Three weeks ago, when the story first broke that Google would be cooperating with the Chinese government to help it censor searches, Mr. Snitch predicted that this, too, would pass:
Not that some serious stuff isn’t missing from China’s Google. Tibet can’t be Googled anywhere in the country. But this is the Internet, where things change fast. Whatever Google can’t offer the world’s largest nation is going to be seen as an opportunity for some stealthy ‘net entrepreneur out there.
Has his finger on the pulse, does Mr. Snitch. This Monday’s Wall Street Journal featured a front page article (subscription required) on the growing number of workarounds that are enabling Chinese citizens to access forbidden content, courtesy of a new class of netizen, the Hacktivist:
Bennett Haselton, a security consultant and former Microsoft programmer, has developed a system called the Circumventor. It connects volunteers around the world with Web users in China and the Middle East so they can use their hosts’ personal computers to read forbidden sites.
Susan Stevens, a Las Vegas graphic designer, belongs to an “adopt a blog” program. She has adopted a Chinese blogger by using her own server in the U.S. to broadcast his very personal musings on religion to the world. She has never left the U.S., but “this is where technology excels,” she says. “We don’t have to have anything in common. We barely have to speak the same language.”

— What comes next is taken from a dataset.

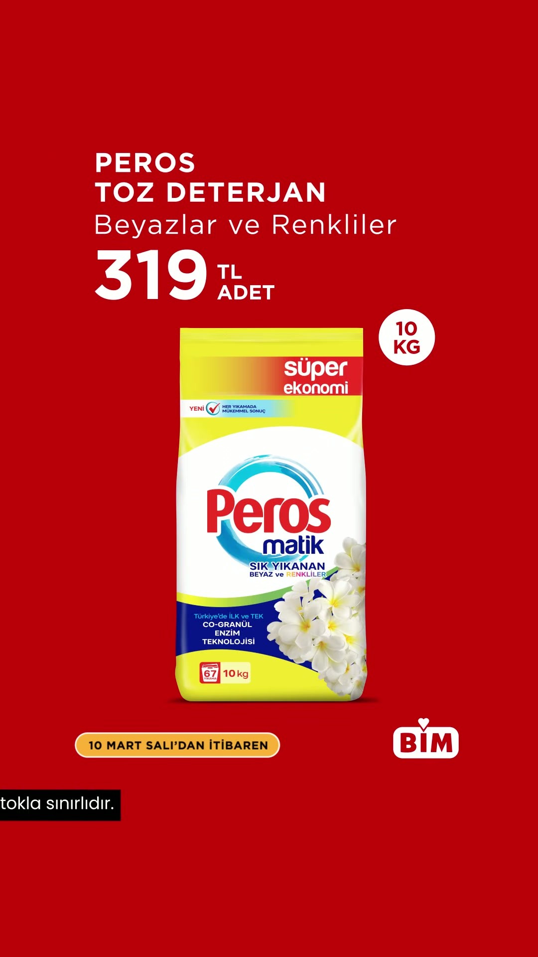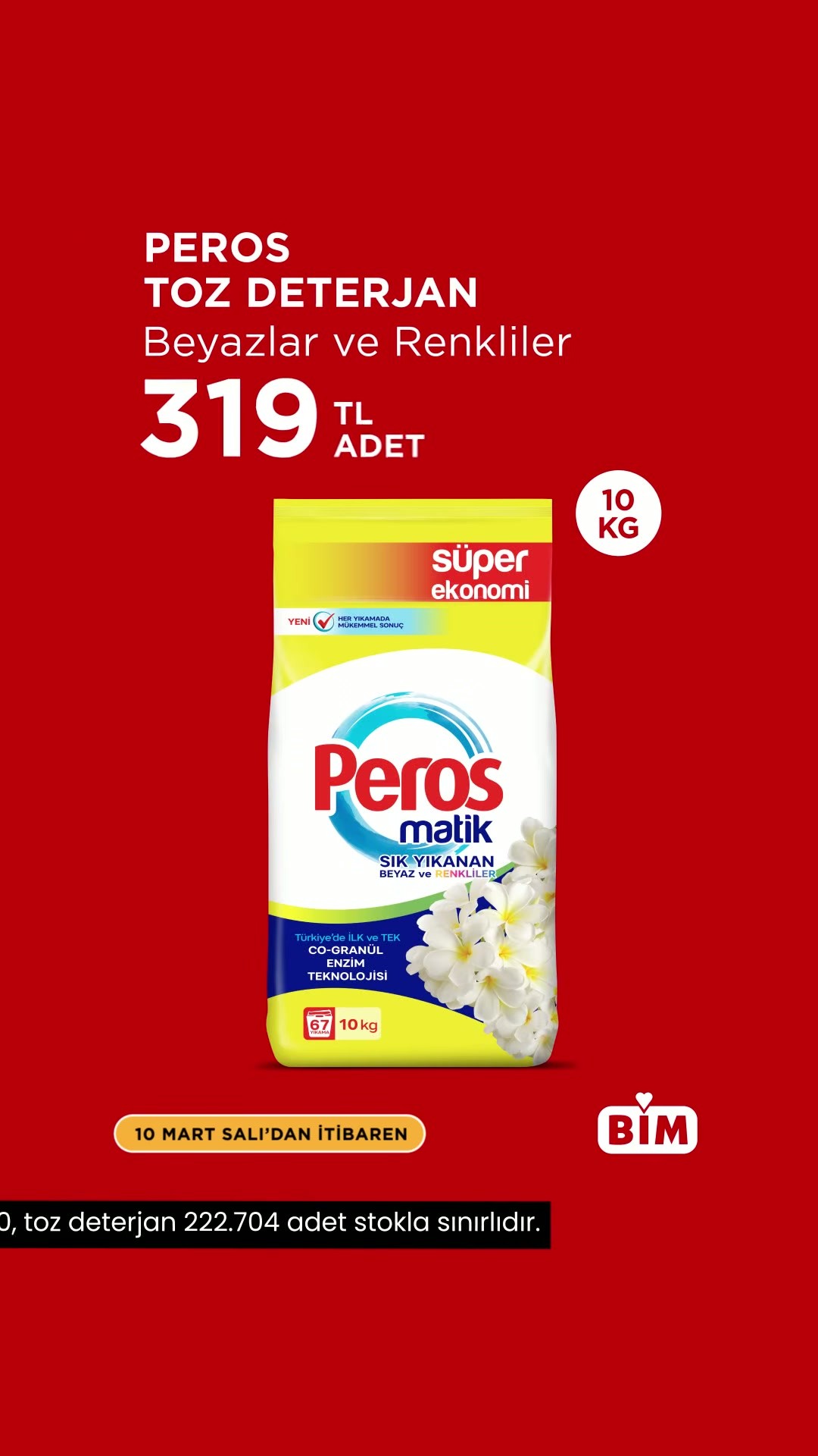 Aynı gün satışa sunulacak Peros Toz Deterjan'ın 319 TL'den satışa çıkacağı aktarıldı. Deterjan için stok adedinin 222.704 olduğu bilgisi paylaşıldı. BİM, bu ürünlerle birlikte Salı gününe özel bir alışveriş fırsatı sunmayı hedefliyor.Editör: Haber MerkeziKaynak: Sosyal Medya

In Boston, computer scientist Roger Dingledine tends to Tor, a modified version of a U.S. Naval Research Laboratory project, which disguises the identities of Chinese Web surfers by sending messages through several layers of hosts to obscure their path. In addition to the Department of Defense, Mr. Dingledine had also received funding from the Electronic Frontier Foundation, a nonprofit group that supports free speech online.
The article says that the promising of these may be Freegate, a software program that connects computers inside China to servers in the U.S.
As the product of ethnically Chinese programmers, [Freegate] uses the language and fits the culture. It is a simple and small program, whose file size of just 137 kilobytes helps make it easy to store in an email program and pass along on a portable memory drive.
The software’s creator, Bill Xia, estimates that about 100,000 people a day use Freegate or one of the other censorship workarounds he helped develop.